Other projects that will benefit from the new hardware include the Lions Kids Cancer Genome Project, a joint initiative of the Garvan Institute, the Lions Clubs International Foundation, and the Australian Lions Childhood Cancer Research Foundation that is focused on providing whole-genome sequencing and analysis for children with high-risk cancers.
The infrastructure will also support the Australian Genomic Cancer Medicine Program, which seeks to identify new treatment options for patients with rare cancers or patients who have exhausted other treatment options, through the Molecular Screening and Therapeutics clinical trials initiative. The program recently received $50 million in funding to expand to all states and territories in Australia.
In addition, the new hardware will support some of the Garvan institute's internal genomics initiatives and projects, Kaplan said. This includes research projects at the Kinghorn Center for Clinical Genomics, which seeks to improve the interpretation of genomes and genome variants to further the use of genomic information in patient care. Researchers from the center recently published a pair of studies that compared the ability of whole-genome sequencing and of more targeted approaches to diagnose hereditary cardiovascular disorders.

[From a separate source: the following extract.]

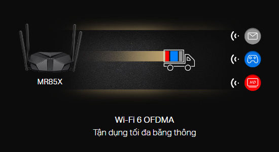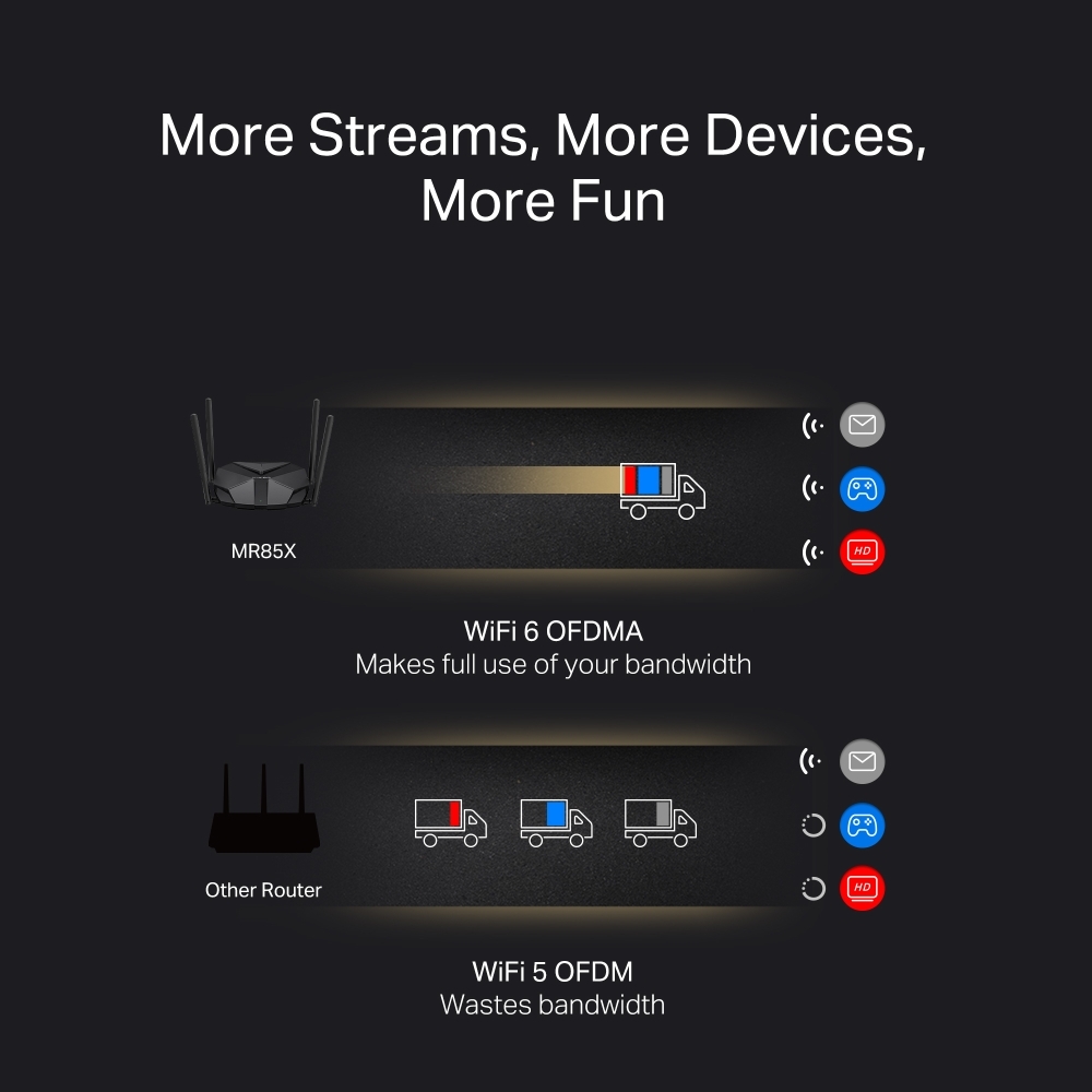 Phát trực tuyến hoặc chơi game trên nhiều thiết bị mang lại nhiều niềm vui hơn mà không làm giảm hiệu suất. MR85X hỗ trợ OFDMA và MU-MIMO† để tăng cường sức mạnh Wi-Fi của bạn bằng cách cho phép nhiều máy khách truyền tải cùng một lúc. Điều này mang lại dung lượng mạng và hiệu quả cao gấp 4 lần trong môi trường lưu lượng truy cập dày đặc. §

"Our enthusiasm for this expansion [is] not just about meeting [the demand] that we have right now," Kaplan said, "but also to be able to design and understand what the actual requirements and best approaches are that are needed." One of the advantages of having the infrastructure in-house is that "we [can] optimize the analysis solutions, and then share our experiences with others, like our partners, the national supercomputing facility, who can adopt our exact specifications," he said.